A compreensão do significado ou intenção da obra por parte de quem a observa pode ser diferente da pretendida pelo autor, já que a interpretação artística é um assunto complexo sem resposta definitiva. O artista pode desconhecer as suas intenções mais profundas, permanecendo iludido pela aparente racionalização superficial, sendo argumentado que o seu propósito serve de distração, desviando o observador do trabalho. Ou que a sua perspetiva é mais uma entre muitas outras possíveis, um microcosmo pessoal entre o macrocosmo público, um produto de situações históricas, sociais e culturais que fazem do desenho uma ação que não é isolada. Ou contrariamente, que a intenção do autor é a única forma de interpretação, o seu objetivo determina a compreensão e consequentemente a resposta por parte do observador.

Sendo, neste caso, identificado o assunto e analisados os motivos artísticos.

O livro Caminhos de Floresta de Martin Heidegger é iniciado com a seguinte passagem:

(…) Na floresta [Holz] há caminhos que, o mais das vezes sinuosos, terminam perdendo-se, subitamente, no não-trilhado.

Chamam-se caminhos de floresta [Holzwege].

Cada um segue separado, mas na mesma floresta [Wald]. Parece, muitas vezes, que um é igual ao outro.

Porém, apenas parece ser assim. (…) (Heidegger, 1988, p. 3)

Um desenho é como um caminho que o artista cria e pelo qual conduz o observador num trajeto onde a imaginação pode fluir, cabe depois ao observador decidir se tenciona continuar esse percurso ou seguir um caminho alternativo, um desvio.

Enquanto que uns procuram permanecer num contacto sensorial com o trabalho, manifestando uma interpretação emotiva, outros anseiam entender o seu significado inerente e profundo, assumindo uma posição analítica.
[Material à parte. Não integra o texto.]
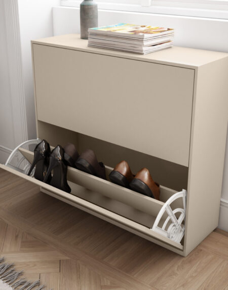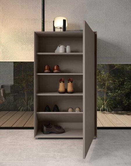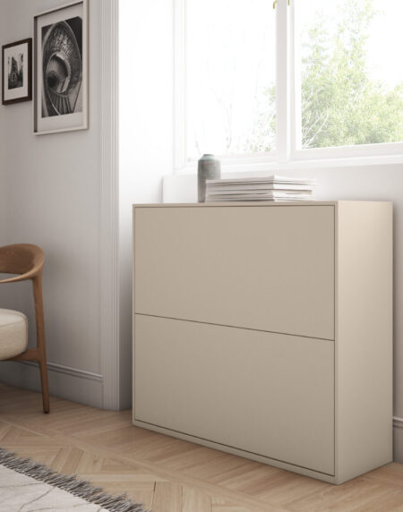 El Zapatero twenty FOREVER es un mueble zapatero con dos puertas y un cajón. Este mueble auxiliar de estilo moderno y diseño elegante, está disponible con zócalo o con patas (con incremento de precio). Disponible en una amplia gama de acabados.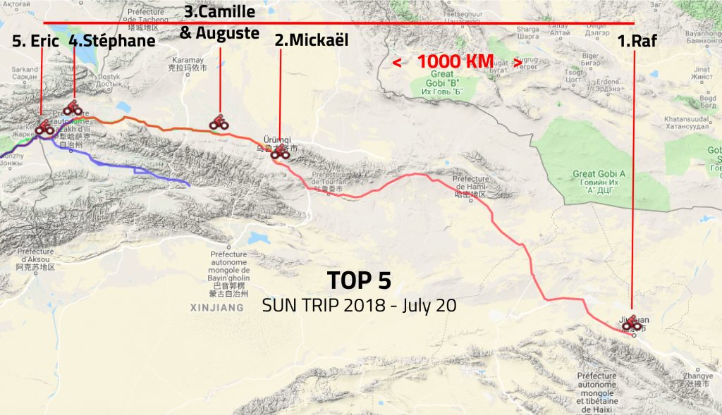 En tête de peloton Raf Van Hulle arrive en Chine en 25 jours seulement ! Sa moyenne journalière est remontée à 300 km ! L’exploit est déjà phénoménal et sa performance n’allait pas faiblir sur les 5000 km restants. Son avance à l’entrée de la Chine n’était toutefois pas décisive, tout restait ouvert, notamment avec son poursuiteur direct Stéphane Bertrand ou encore avec Michael Joguet, auteur d’une remontée progressive et sans bavure.

Fernando Pessoa escreveu para a revista trimestral de literatura Orpheu, em 1966 o seguinte: “Sentir é criar. Sentir é pensar sem ideias, e por isso sentir é compreender, visto que o Universo não tem ideias”. O texto continuava, explicando que sentir é o

52 contrário de ter opiniões, ou seja, de forma a entregar-se na sua totalidade o sujeito teria de desprender-se de pressupostos, que são as opiniões de que Pessoa fala, só este desapego conduziria ao sentir. Referindo ainda que “o sentimento abre as portas da prisão com que o pensamento fecha a alma.”14

O desenho é a experiência que torna o indivíduo intérprete em vez de mero espectador, puxando-o para dentro sem o submeter a contemplar do lado de fora. Essa ação compreende uma associação inseparável entre o ato cognitivo e o corpo que é centro da experiência motora e sensorial, numa aprendizagem e reflexão contínuas de aspetos gerais e particulares, que têm um impacto no observador modificando-o sensivelmente e levando-o a dedicar a sua atenção ao trabalho e ao que observa. Visto que esta exploração nunca está completa, uma vez que com cada novo conhecimento adquirido, outros se alteram ou esclarecem, as convicções pessoais relativas à observação ou criação da obra estão em permanente construção, da mesma forma que o desenho, nunca totalmente concluído senão quando assim o é considerado no momento da sua execução.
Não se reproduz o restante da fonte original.